The Currency and Foreign Transactions Reporting Act of 1970 (commonly referred to as the “Bank Secrecy Act” or “BSA”) is the primary U.S. law used to detect, deter and disrupt money laundering and terrorist financing networks. Specifically, this “anti-money laundering law” requires regulated financial institutions to keep records of cash purchases of negotiable instruments, file reports of cash transactions over $10,000, and to report suspicious activity that might signify money laundering, tax evasion, or other criminal activities.
FinCEN (the Financial Crimes Enforcement Network) is the bureau within the U.S. Treasury Department that is mandated to implement, administer, and enforce compliance to the BSA. Specific responsibilities of the agency include:
- Maintain a government-wide data access service with a range of financial transactions information
- Analyze and disseminate information in support of law enforcement investigatory professionals at the Federal, State, Local, and International levels
- Determine emerging trends and methods in money laundering and other financial crimes
- Serve as the Financial Intelligence Unit of the United States
- Carry out other delegated regulatory responsibilities
As the country’s financial intelligence unit (FIU), FinCEN releases a number of advisories, guidances and FAQs to help financial institutions meet their BSA compliance obligations. This article reviews some of the definitions and material provided by FinCEN for effective compliance to anti-money laundering regulations.
Defining “Financial Institutions”
According to the BSA, a financial institution is:
- An insured bank
- A commercial bank or trust company
- A private banker
- An agency or branch of a foreign bank in the United States
- Any credit union
- A thrift institution
- A broker or dealer registered with the Securities and Exchange Commission under the Securities Exchange Act of 1934 ( 15 USC 78a et seq.)
- A broker or dealer in securities or commodities
- An investment banker or investment company
- A currency exchange
- An issuer, redeemer, or cashier of traveler’s checks, checks, money orders, or similar instruments
- An operator of a credit card system
- An insurance company
- A dealer in precious metals, stones, or jewels
- A pawnbroker
- A loan or finance company
- A travel agency
- A licensed sender of money or any other person who engages as a business in the transmission of funds, including any person who engages as a business in an informal money transfer system or any network of people who engage as a business in facilitating the transfer of money domestically or internationally outside of the conventional financial institutions system
- A telegraph company
- A business engaged in vehicle sales, including automobile, airplane, and boat sales.
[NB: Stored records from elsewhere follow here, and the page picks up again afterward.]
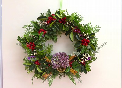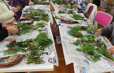 森の自然素材の生木やカラフルな木の実を贅沢に使って作る
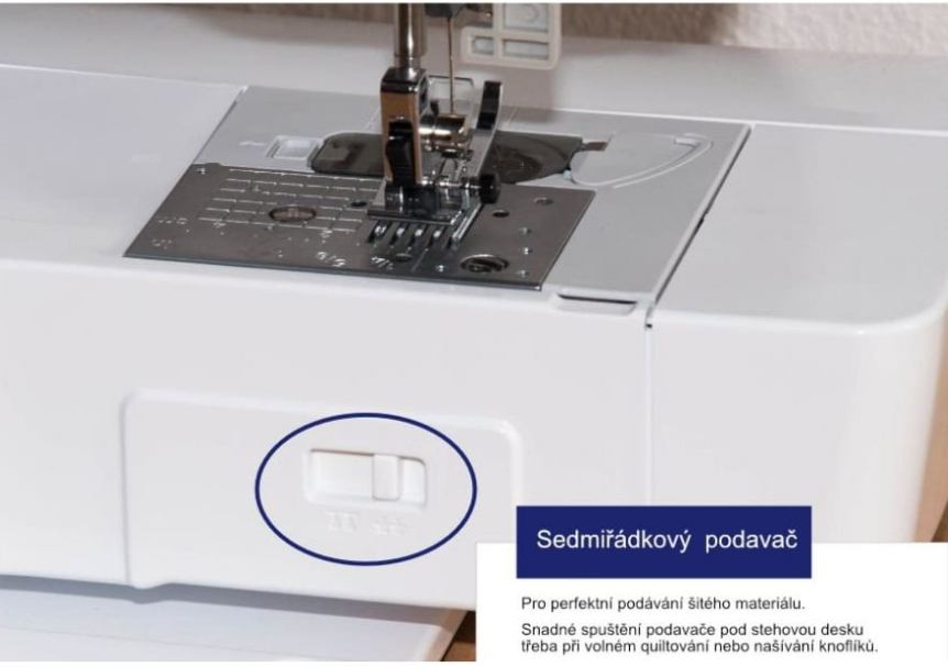 - Sedmiřádkový podavač pro perfektní podávání šitého materiálu
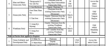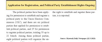 နိုင်ငံရေးပါတီတည်ထောင်ခွင့်နှင့် မှတ်ပုံတင်ခွင့်များ လာရောက်လျှောက်ထားလျက်ရှိ န
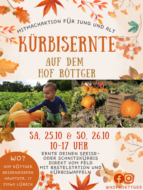 Auch dieses Jahr findet wieder Ende Oktober (25.-26.10.2025) unser Kürbisfest auf dem Hof statt, kommt gerne vorbei!
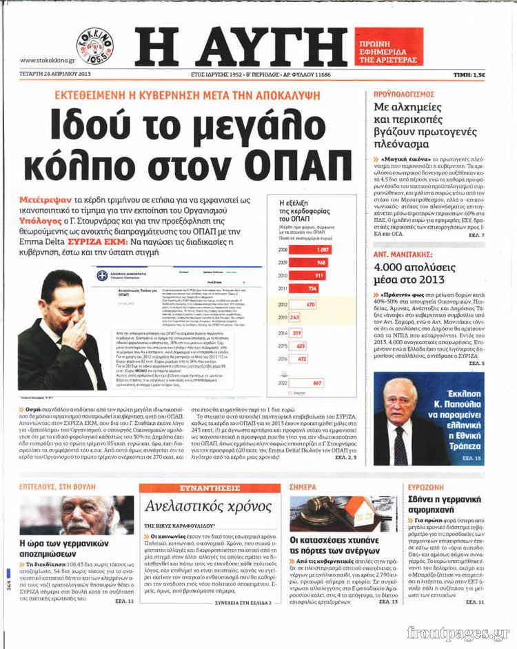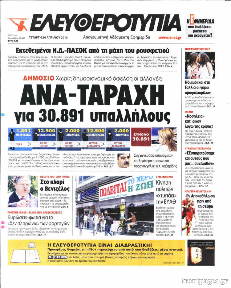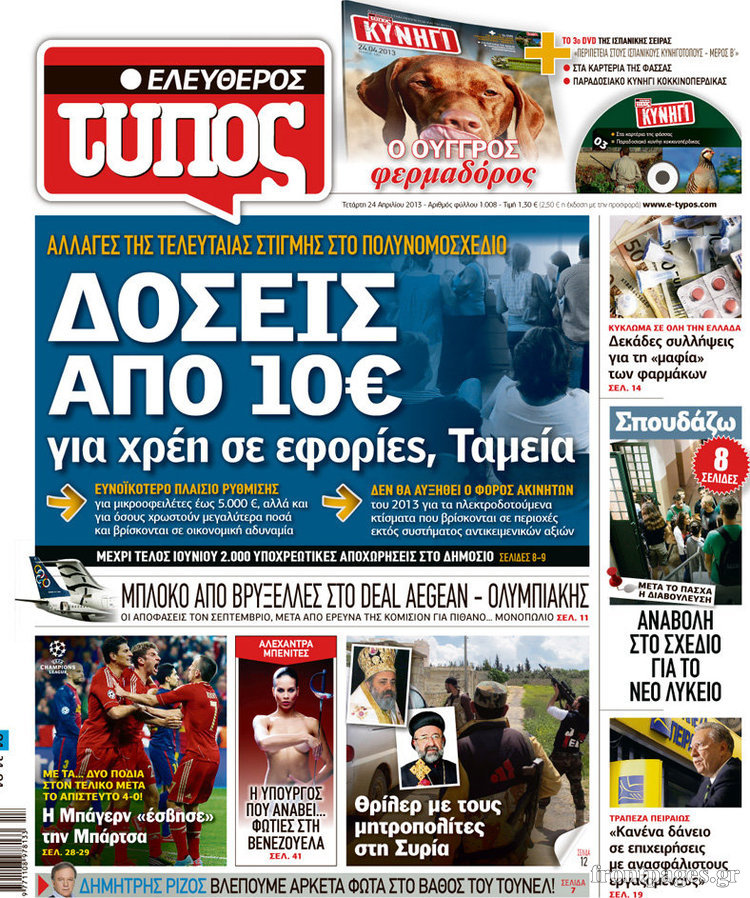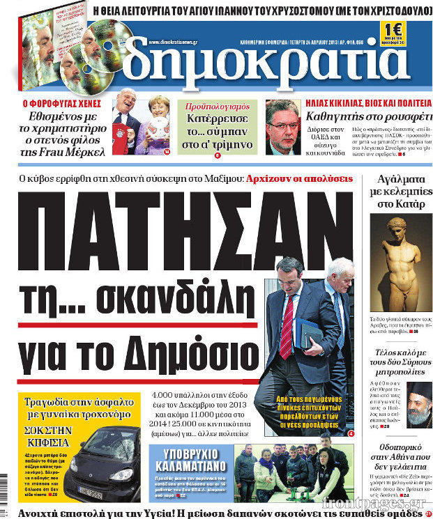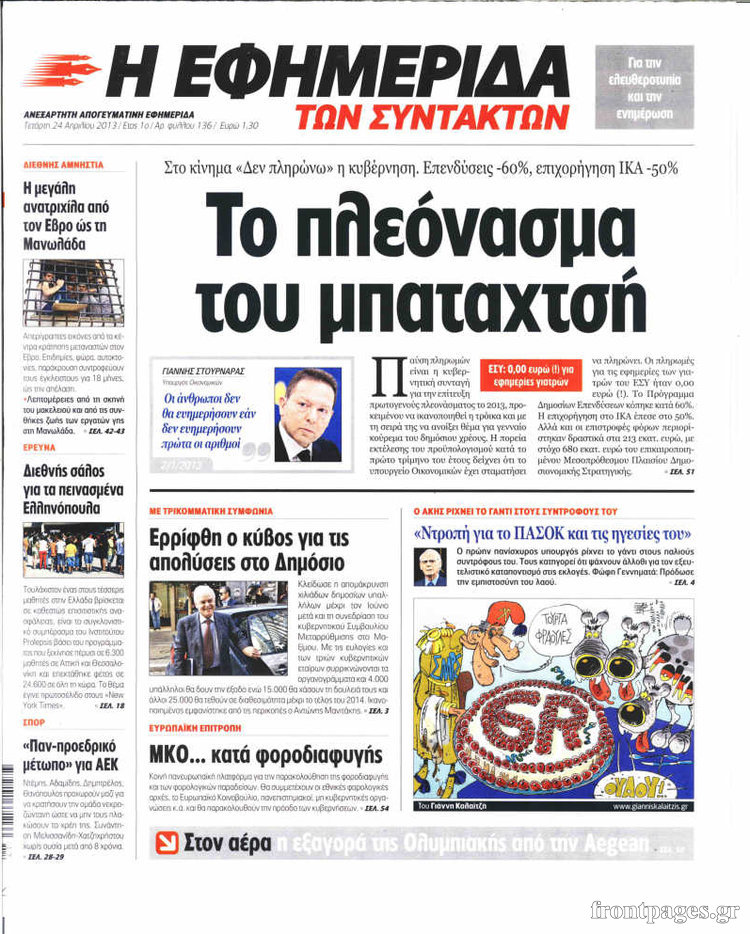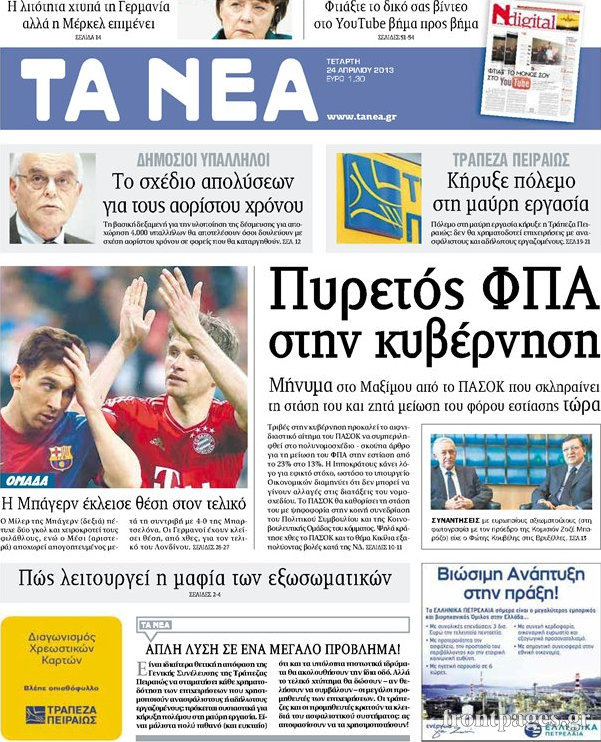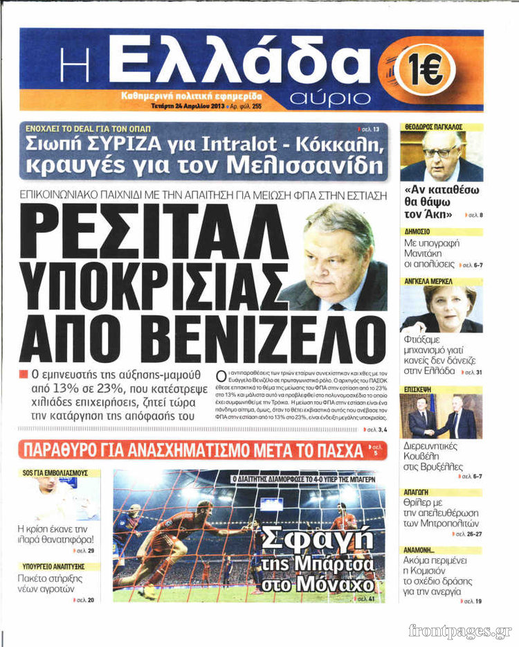 Οι πολιτικές εφημερίδες Enikos Newsroom 07:52, Τετάρτη 24 Απριλίου 2013 Media Οι πολιτικές εφημερίδες ΠΟΛΙΤΙΚΕΣ ΕΦΗΜΕΡΙΔΕΣ Μοιράσου το: σχολίασε κι εσύ (0 σχόλια) Ακολουθήστε το enikos.gr στο Google News και μάθετε πρώτοι όλες τις ειδήσεις Δείτε όλες τις τελευταίες ειδήσεις από την Ελλάδα και τον Κόσμο στο enikos.gr Ειδήσεις Ροή Ειδήσεων 2 ώρες πριν Μπλόκα: Οι αγρότες σηκώνουν τις μπάρες σε διόδια για τους εκδρομείς των Χριστουγέννων και μοιράζουν προϊόντα – Βίντεο 2 ώρες πριν Τσιάρας προς αγρότες: Τα μπλόκα και τα πείσματα δεν ωφελούν – Οι λύσεις περνούν μέσα από τον διάλογο 3 ώρες πριν Αρχεία Έπσταϊν: Οι συγκλονιστικές φωτογραφίες – Ο Μάικλ Τζάκσον, ο Μικ Τζάγκερ και ο Κέβιν Σπέισι ανάμεσα στους διάσημους που απεικονίζονται 57 λεπτά πριν Μαθητές διακινούσαν κοκαΐνη και χασίς σε σχολείο της Αττικής – 12 συλλήψεις 1 ώρα πριν Βέλγιο: Άγνωστοι έριξαν κόκκινη μπογιά στο προξενείο της Πολωνίας στις Βρυξέλλες 5 ώρες πριν Μία νέα «χρυσή» περίοδος αρχίζει για 3 ζώδια από σήμερα – «Μία αναπάντεχη ευκαιρία οδηγεί στην επιτυχία» 4 ώρες πριν Διαιτολόγος αποκαλύπτει 9 πρωινές συνήθειες που «λιώνουν» το κοιλιακό λίπος – «Υποστηρίζουν την υγιεινή απώλεια βάρους» 4 ώρες πριν Οι 7 φράσεις που δεν λένε ποτέ οι συναισθηματικά έξυπνοι άνθρωποι κατά τη διάρκεια ενός καβγά 7 ώρες πριν Enerwave: Το νέο «ρεύμα» στη λιανική ενέργειας που αλλάζει την εμπειρία του καταναλωτή 6 λεπτά πριν Μαρινάκης στον Realfm 97,8: Η κυβέρνηση σέβεται κάθε λογική διεκδίκηση των αγροτών, αλλά και το αίτημα των πολιτών να μην ταλαιπωρούνται 12 λεπτά πριν O Πάντερ MVP της 17ης αγωνιστικής στην Euroleague 21 λεπτά πριν Πέθανε η τραγουδίστρια Κλαούντια Ντελμέρ 28 λεπτά πριν Μία ανεκμετάλλευτη πηγή θα μπορούσε να προσφέρει ανεξάντλητη ενέργεια – Οι επιστήμονες ίσως γνωρίζουν πώς να την ξεκλειδώσουν 37 λεπτά πριν Θεσσαλονίκη: Ανήλικος που είχε εξαφανιστεί βρέθηκε στο σπίτι Τούρκων μετά από αστυνομική επιχείρηση ENIKOS NETWORK Η αποχή από την αναπαραγωγή παρατείνει τη ζωή στα ζώα, σύμφωνα με μελέτη – Τι ισχύει για τους ανθρώπους; Σημαντικές επαφές στις ΗΠΑ είχε ο υπουργός Υγείας Άδωνις Γεωργιάδης Ευλογιά αιγοπροβάτων: Παρατεταμένη επιζωοτία, αυστηρά μέτρα – Τι ισχύει για τον εμβολιασμό και την ανασύσταση του ζωικού κε... Τσιάρας προς αγρότες: Έχει ικανοποιηθεί το 74% των αιτημάτων – Τα μπλόκα και τα πείσματα δεν ωφελούν Χαρτογραφώντας το «σημείο χωρίς επιστροφή»: Για πρώτη φορά αποκαλύπτεται με λεπτομέρεια το ακανθώδες όριο της ατμόσφαιρας τ... Η Google καταργεί τη λειτουργία «dark web report» – Πώς θα μπορούν οι χρήστες να διαγράφουν τα δεδομένα τους περισσότερα 14:04 , Σάββατο 20 Δεκεμβρίου 2025 Η Realnews αυτής της Κυριακής (21/12/2025) Με τίτλο: «Ασπίδα προστασίας για την Ελλάδα» κυκλοφορεί, αυτήν την Κυριακή, η Realnews. Σημαντ... 12:53 , Σάββατο 20 Δεκεμβρίου 2025 Να μ’ αγαπάς: Το παρελθόν έρχεται στο φως – Καταιγιστικές εξελίξεις στα τελευταία επεισόδια του 2025 Ο Άγγελος αποκαλύπτεται, η Φωτεινή ανησυχεί για τον Λευτέρη και η Ζωή έρχεται αντιμέτωπη με το... 11:41 , Σάββατο 20 Δεκεμβρίου 2025 «Η αγάπη δεν χάνεται ποτέ»: Η μικρού μήκους ταινία κινουμένων σχεδίων που θέτει ερωτήματα για τη ζωή και τον θάνατο Ο θάνατος είναι ένα από τα πιο σκληρά θέματα που καλείται να διαχειριστεί κάποιος στη διάρκεια... 09:30 , Σάββατο 20 Δεκεμβρίου 2025 «Porto Leone: Στη γειτονιά με τα κόκκινα φανάρια» – Ο Χρόνης αποκαλύπτει στην Αλεξάνδρα το μυστικό για το παιδί της Λένας Η μεγάλη δραματική σειρά του Aph

- Persons involved in real estate closings and settlements
- The United States Postal Service
- An agency of the United States government or of a state or local government carrying out a duty or power of a business described in this paragraph
- A casino, gambling casino, or gaming establishment with an annual gaming revenue of more than $1,000,000 that
- Is licensed as a casino, gambling casino, or gaming establishment under the laws of any state or any political subdivision of any state; or
- Is an Indian gaming operation conducted under or pursuant to the Indian Gaming Regulatory Act other than an operation that is limited to class I gaming (as defined in section 4 (6) of such act).
- Any business or agency which engages in any activity which the Secretary of the Treasury determines, by regulation, to be an activity that is similar to, related to, or a substitute for any activity in which any business described in this paragraph is authorized to engage.
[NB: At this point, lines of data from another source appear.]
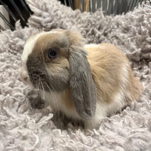 Hon är pigg och frisk. Social ibland och går ibland att ta upp henne någon stund. Hon tycker om sallad, morot och äpplen.
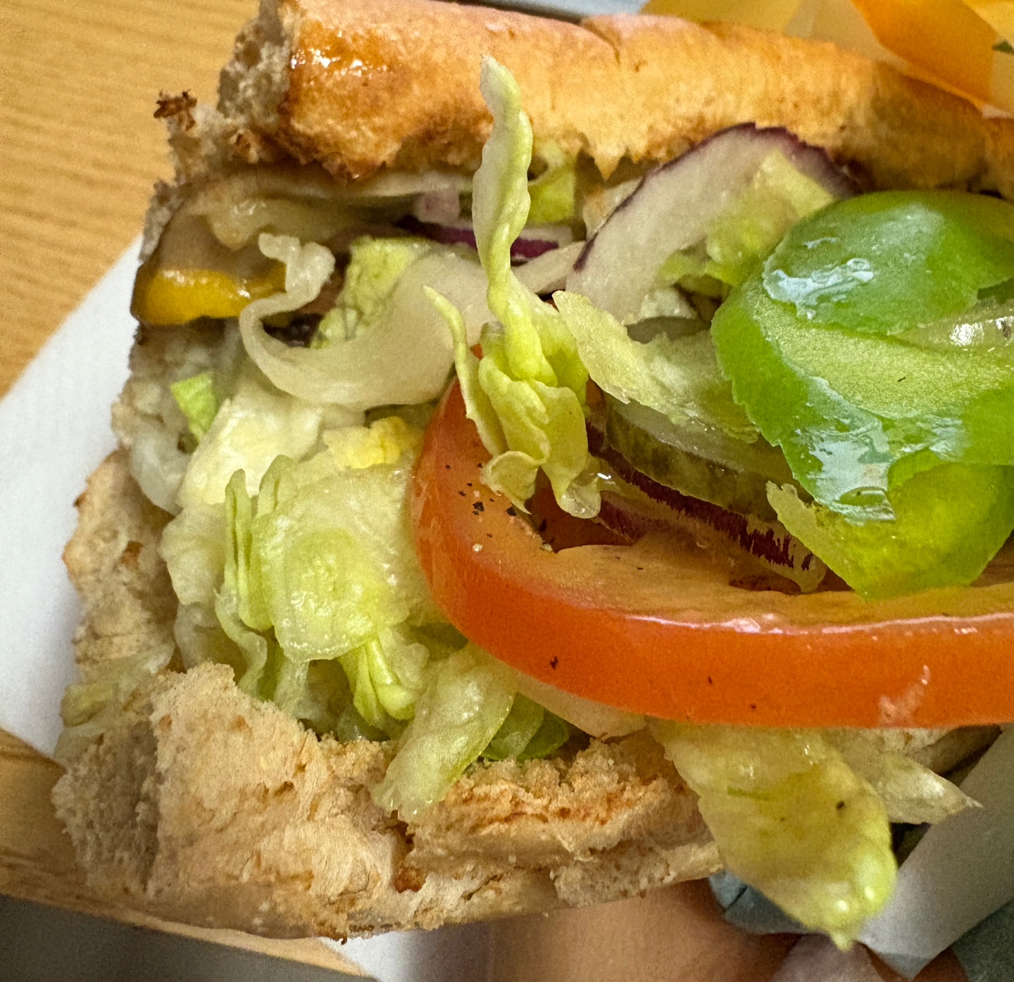 조합은 위트(토스팅o), 콰트로치즈, 야채 모두, 스위트 어니언, 후추 조합으로 먹었어요
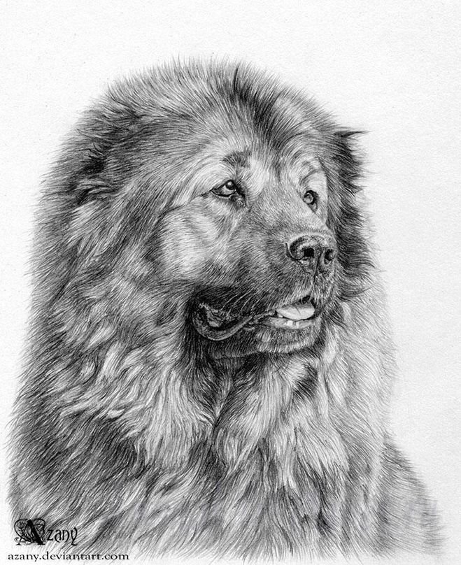 Кавказская овчарка карандашом
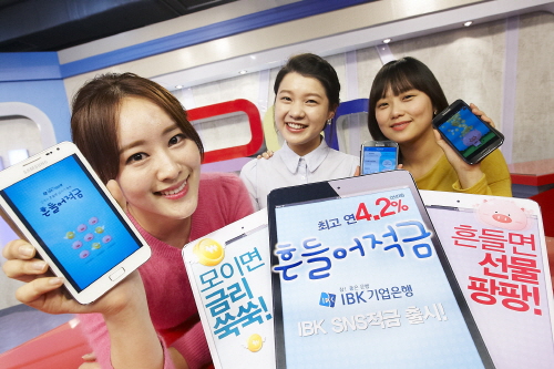 IBK기업은행(은행장 조준희)이 30명 이상이 모여 휴대폰을 흔드는 횟수와 강도에 따라 적립금이 달라지는 신개념 적금상품을 내놨다.
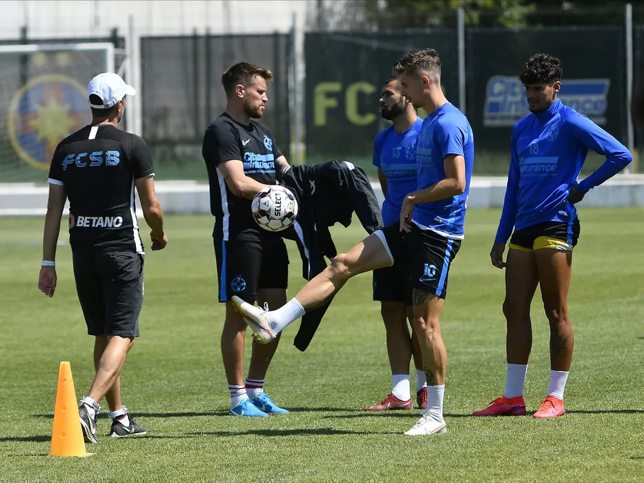 Fotbalistii stelisti Valentin Cretu, Florinel Coman si Florin Tanase, aici alaturi de Mihai Pintilii, la primul antrenament cu Toni Petrea in calitate de pricipal, la Baza de antrenament FCSB din Berceni, miercuri 15 iulie 2020.© FOTO:Razvan Pasarica/SPORT PICTURES

- Any other business designated by the Secretary whose cash transactions have a high degree of usefulness in criminal, tax, or regulatory matters.
- Any futures commission merchant, commodity trading advisor, or commodity pool operator registered, or required to register, under the Commodity Exchange Act ( 7 USC 1, et seq.).
The requirements of the BSA applies to the U.S. operations of foreign financial institutions in the same manner as they apply to domestic financial institutions.
When compared to FATF’s (Financial Action Task Force) definition of financial institution, the BSA does not include professional service providers like lawyers, notaries and accountants. While not required to maintain an AML program, these professionals have reporting requirements and must comply with laws and regulations set forth by the Office of Foreign Assets Control (OFAC).
Europe’s Third Anti-Money Laundering Directive (3rd AMLD), which has been in effect since 2005, established that in addition to banks and the whole of the financial sector, lawyers, notaries, accountants, real estate agents, casinos and company service providers are also required to comply with AML regulations.
The BSA requires financial institutions to record and retain various types of records including: customer accounts (e.g., loan, deposit, or trust), BSA filing requirements, and records that document a bank’s compliance with the BSA for at least five years.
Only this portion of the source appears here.